◆ DATA PROVIDED

"""

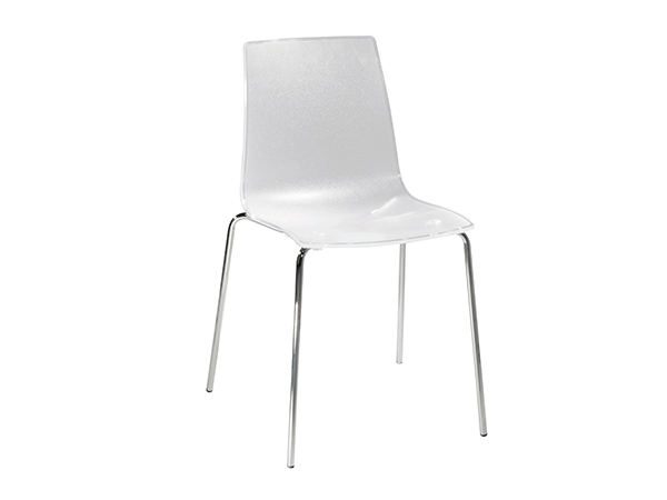 Frosted acrylic chair with with silver chrome legs for a modern and eclectic environment. Dims: 19.5" L x 19.75" D x 32.5" H
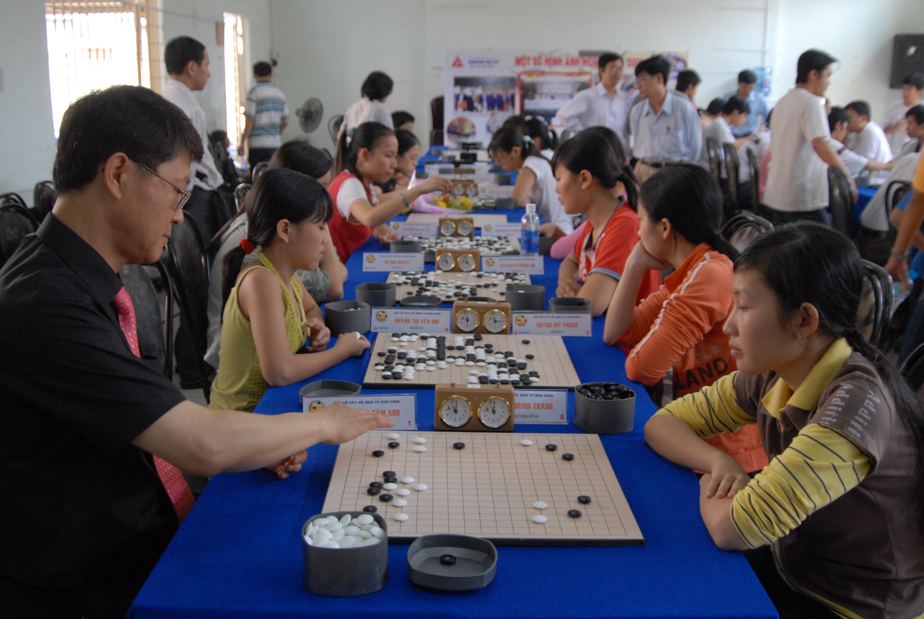 Ảnh trên: Ông Kim trao giải “Kỳ thủ triển vọng” tại giải vô địch cờ vây TP.Hồ Chí Minh 2008 được tổ chức tại Quận 3.
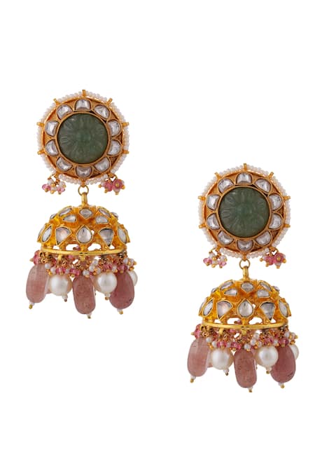 Green jhumka earrings embellished with kundan, pearls, and pink stones
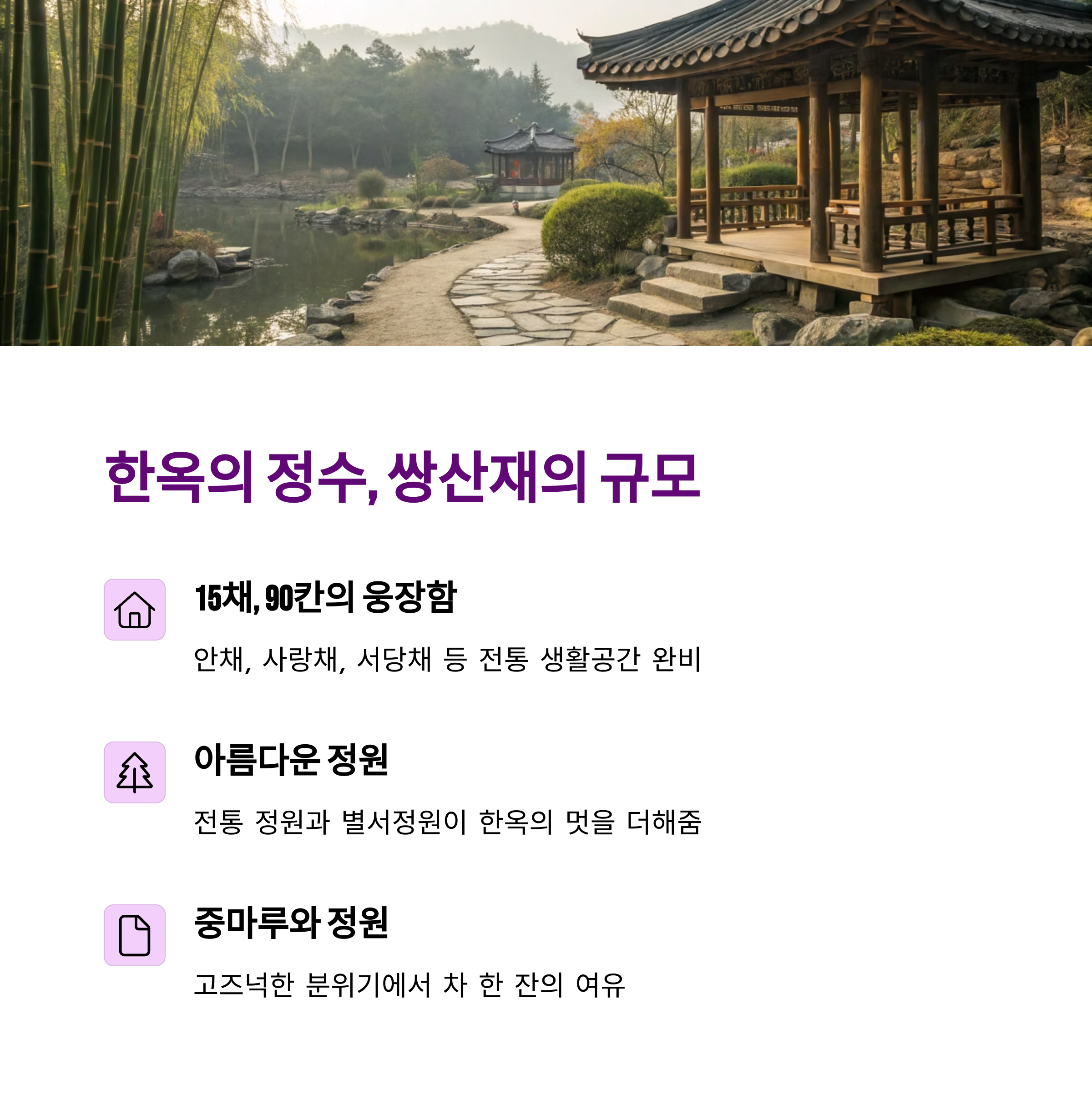 구례 쌍산재는 한옥이 가진 전통적 매력과 자연이 주는 고요함을 동시에 느낄 수 있는 장소입니다.

"""

◆ BRIEF
Apart from the pictures, the whole listing should be reproduced exactly.

◆ SOLVED PROBLEM
 Frosted acrylic chair with with silver chrome legs for a modern and eclectic environment. Dims: 19.5" L x 19.75" D x 32.5" H
 Ảnh trên: Ông Kim trao giải “Kỳ thủ triển vọng” tại giải vô địch cờ vây TP.Hồ Chí Minh 2008 được tổ chức tại Quận 3.
 Green jhumka earrings embellished with kundan, pearls, and pink stones
 구례 쌍산재는 한옥이 가진 전통적 매력과 자연이 주는 고요함을 동시에 느낄 수 있는 장소입니다.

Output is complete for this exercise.